Igor Strelkov: Well … it’s difficult to say. In reality …
Alexander Borodai: (laughing) [indecipherable].
Strelkov: (smiling) [indecipherable].
Reporter: But you are covered in legends!
Strelkov: Frankly speaking, you see, I perform my duty, and I am not concerned about the rumours that people make up about me. What’s most important is that my conscience is clear and that I am sure that I am doing the right thing. The rest does not matter to me.
Reporter: If I may another question ask on the topic of the rumours about you.

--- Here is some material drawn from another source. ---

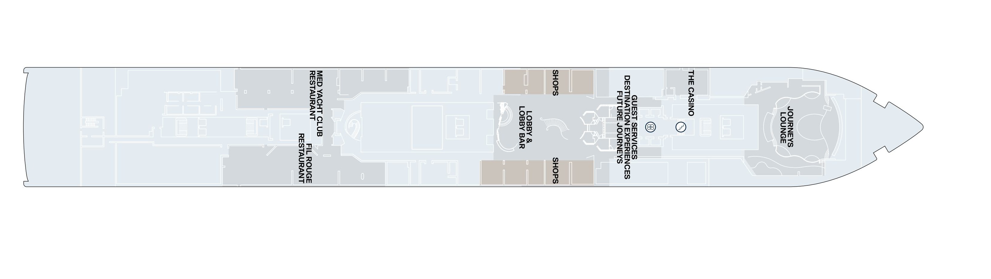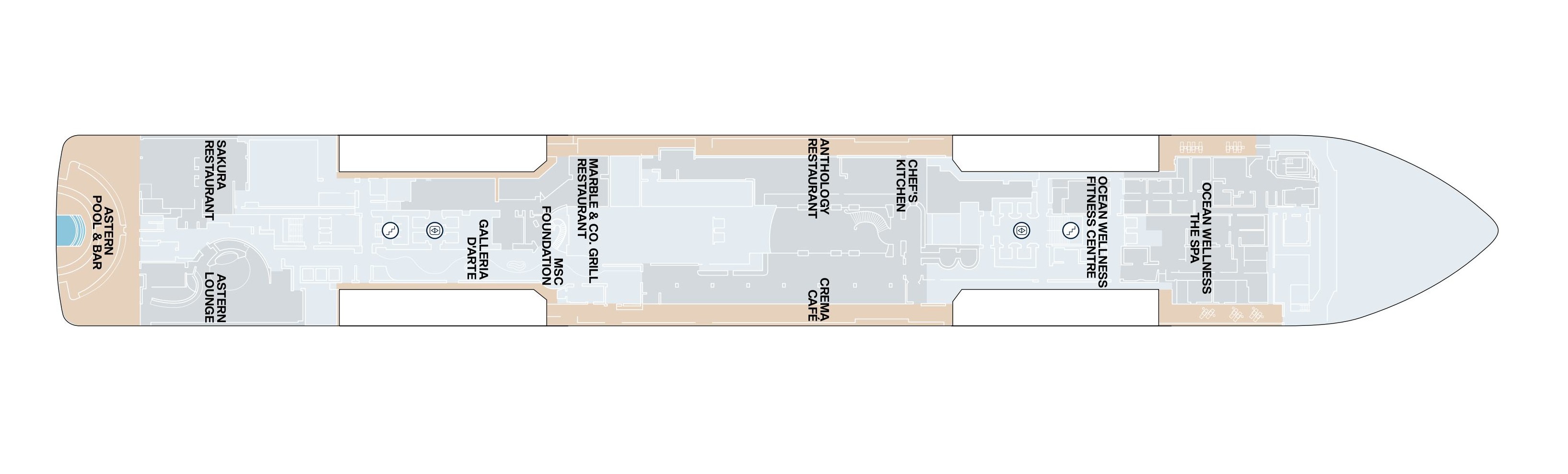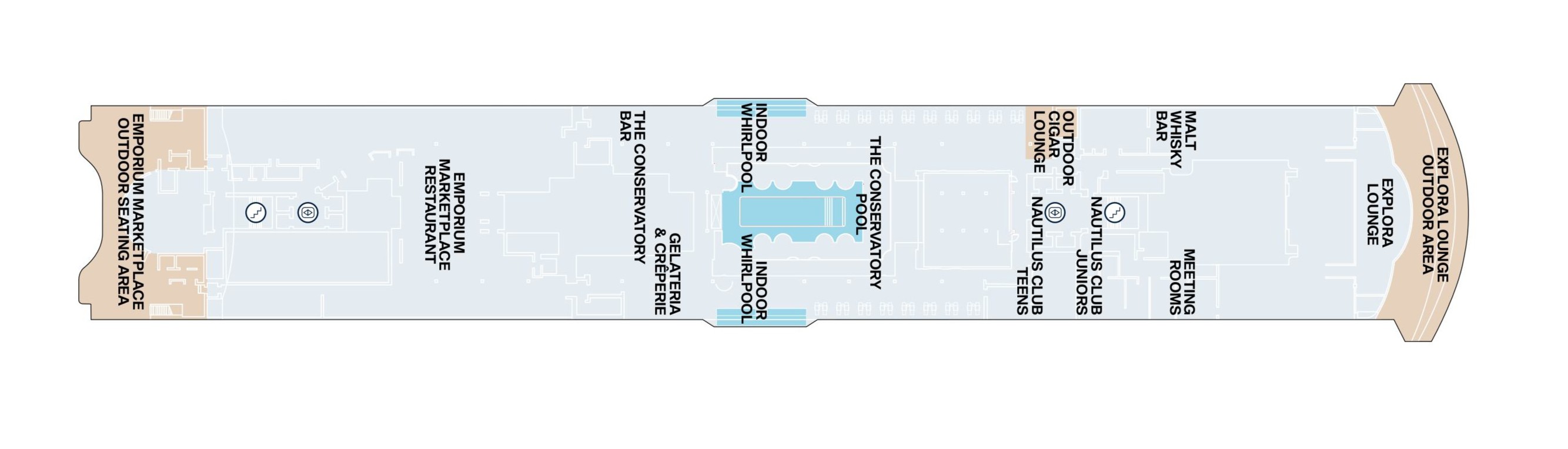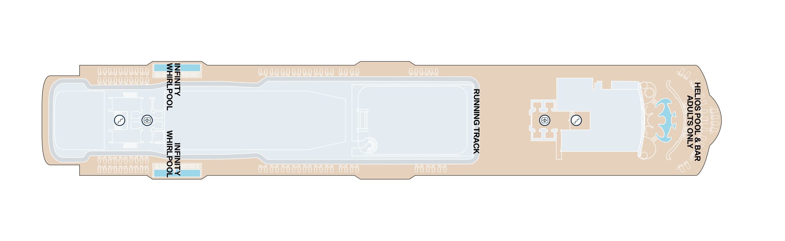 • просторная панорамная терраса во всю ширину лайнера, обеденная и лаундж-зоны, джакузи и шезлонги, душ.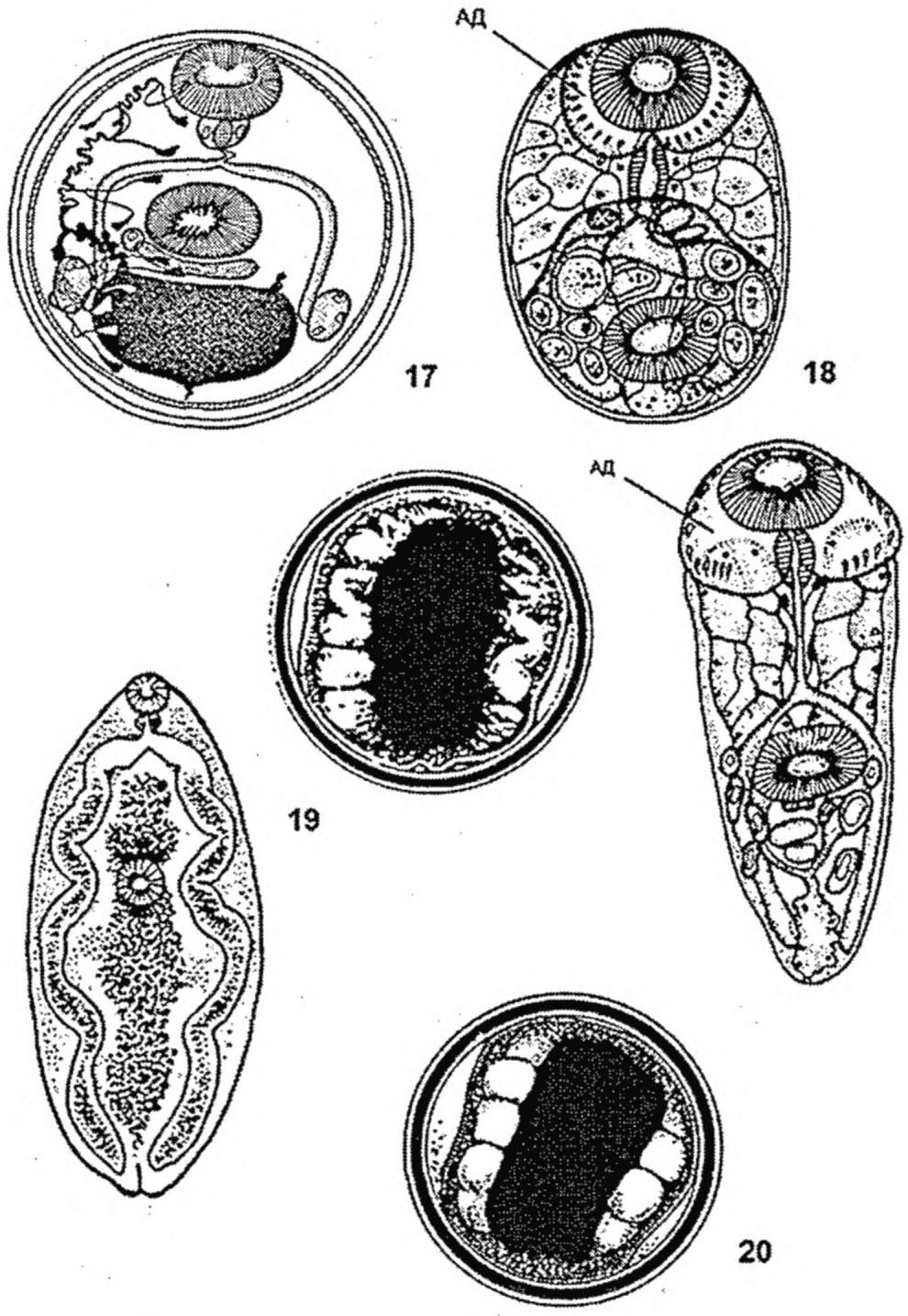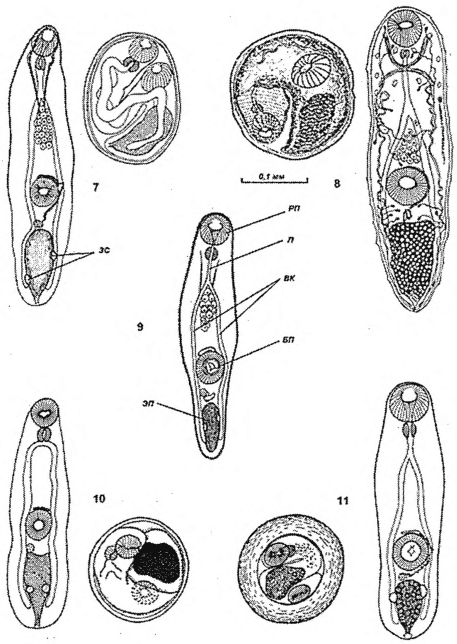 Рисунок 30. Личинки Opisthorchis felineus (фото ориг.,

Can you please tell us if you are now a part of the Joint Staff of the GRU [Main Intelligence Directorate of the Russian Federation] or of any other such structures in Russia, or were you such in the past?
Igor Strelkov: In the past, I was part of the staff of the Federal Security Service [FSB]. I resigned. On March 31, I was discharged with the rank of Reserve Colonel.
Reporter: In what year?
Igor Strelkov: Last year.
Reporter: Did you fight in the former Yugoslavia?
Igor Strelkov: Yes, I fought in Transnistria. For five months I fought in Serbian Bosnia. I took part in both the First and Second Chechen Wars [indecipherable].
Reporter: When were you in Grozny?
Igor Strelkov: In the first war – from December 30, 1992 and until March 26, 1993.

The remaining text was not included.